- Interactive map of Mouling National Park
- Location: Upper Siang, Arunachal Pradesh West Siang, Arunachal Pradesh East Siang, Arunachal Pradesh
- Coordinates: 28°35′N 94°52′E﻿ / ﻿28.583°N 94.867°E
- Area: 483 km^{2} (186 sq mi)
- Established: 30 December 1986
- Governing body: Department of Environment and Forest of Arunachal Pradesh

= Mouling National Park =

National park in Arunachal Pradesh, India

Mouling National Park is a national park located in the Indian state of Arunachal Pradesh, spread primarily over the Upper Siang district and parts of the West Siang and East Siang district. It was the second national park to be created in the state, after Namdapha National Park in 1972. The Mouling National Park and the Dibang Wildlife Sanctuary are located fully or partly within Dihang-Dibang Biosphere Reserve.

==Name==

The park is named after the nearby Mouling peak. Mouling is an Adi word which means red poison or red blood, which is believed to be red latex from a tree species found locally. The area is thought to have a large number of poisonous snakes, but this cannot be verified as the ecology of the area has been sparsely explored.

Moulíng means (among = soil/land and yalíng = red), from among (mo) yalíng (líng). Therefore, moulíng should be read as red soil.

== Geography ==

The national park covers an area of about 483 km^{2} forming the western part of the Dihang-Dibang Biosphere Reserve. The terrain is rugged with an altitudinal range of 750 to 3064 m at the highest point, the Mouling Peak. The Siyom River flows along the western fringes of the park and several small rivers such as the Siring, Krobong, Semong and Subong drain into the Siang river near the eastern boundary of the park.

The park is under the administrative control of the Divisional Forest Office located in Jengging and the nearest major towns are Along and Pasighat, 130 km and 185 km from the park. Approach to the park is not possible via roads, due to the remoteness of the area and communication facilities in the area are poor. The nearest airfield is located in Along. The Forest Department's managerial control is limited by the lack of road communication and all the divisional/range/beat offices are located well outside the park. The park boundaries have been drawn through an aerial survey based on artificial and natural boundaries such as the Siyom River in the west, and on-ground demarcation of sections of the boundary is still not complete. The park has two ranges; the Ramsing range accessible from the Bomdo village and the Jengging range accessible from the Lissing village.

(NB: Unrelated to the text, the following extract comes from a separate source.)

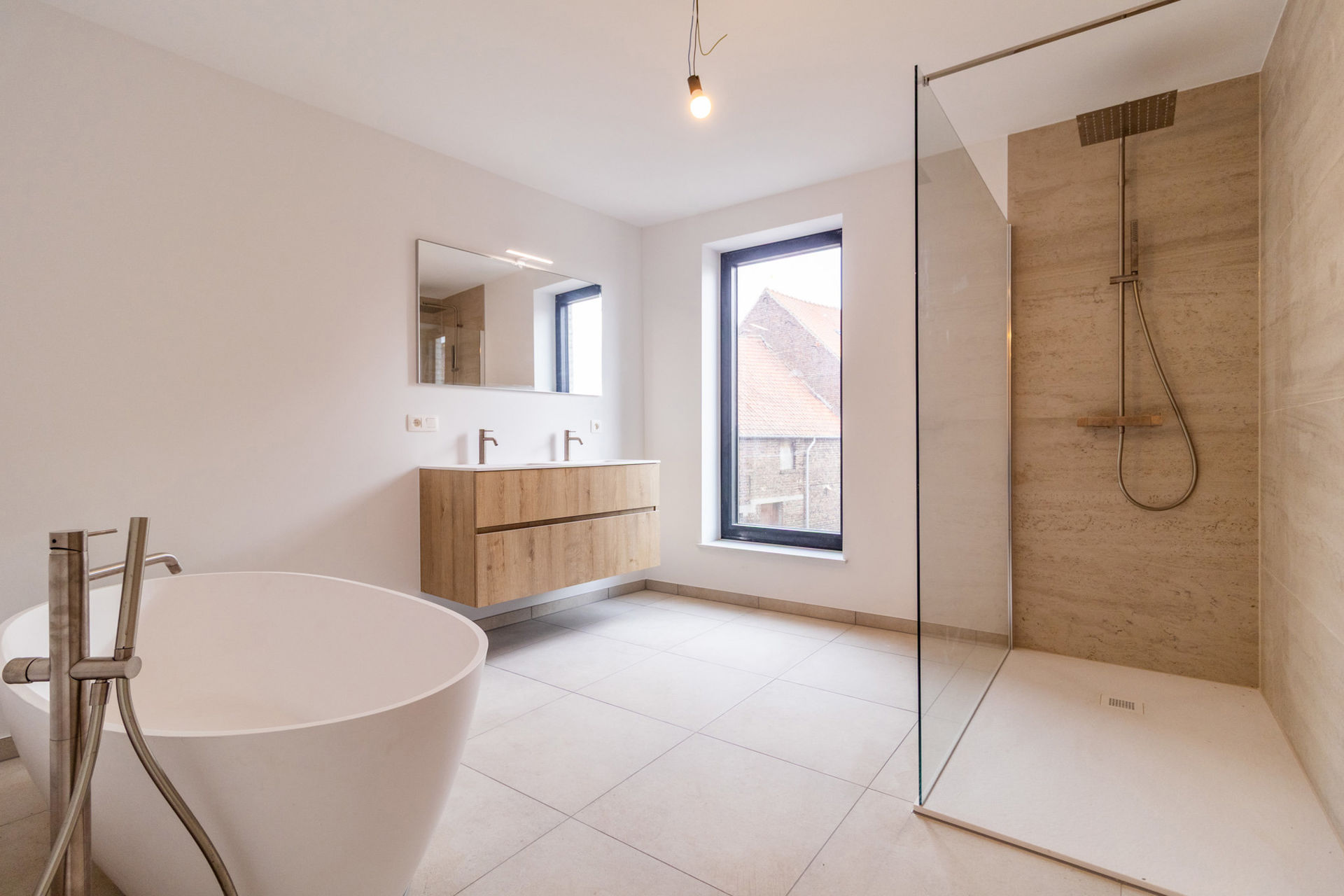 Nossegem: Spacious (225 m²) newly built semi-detached house with 5 bedrooms and 2 bathrooms, located on a beautiful and well-situated plot of 3a 26ca, and arranged as follows:

The area is extremely humid, with heavy rainfall (2343 mm annually) and no well-defined dry season. In low altitude temperature ranges between 15 °C to 38 °C, Winter snowfall is experienced in higher altitudes. Temperature varies from 4.2 °C to 17.7 °C at altitudes ranging from 2,200 m onwards.

== Biology and ecology ==

The area around Mouling National park is one of great bio-diversity, with a juxtaposition of different biotopes, and is often called the state's cradle of biodiversity. With elevations ranging from 400 m to over 3000 m in the park, it forms a transition zone between tropical forests at lower altitudes to most temperate forest at altitudes above 2800 m.

The overall inaccessibility due to poor or no roads and stories associated with the forest itself have kept the core area of the national park relatively untouched by human activities. There has been evidence of past practices of jhum cultivation, especially in the Northern and South-eastern areas of the park.
Animals such as the takin, goral, Indian leopard, Bengal tiger, barking deer, serow and red panda are living there.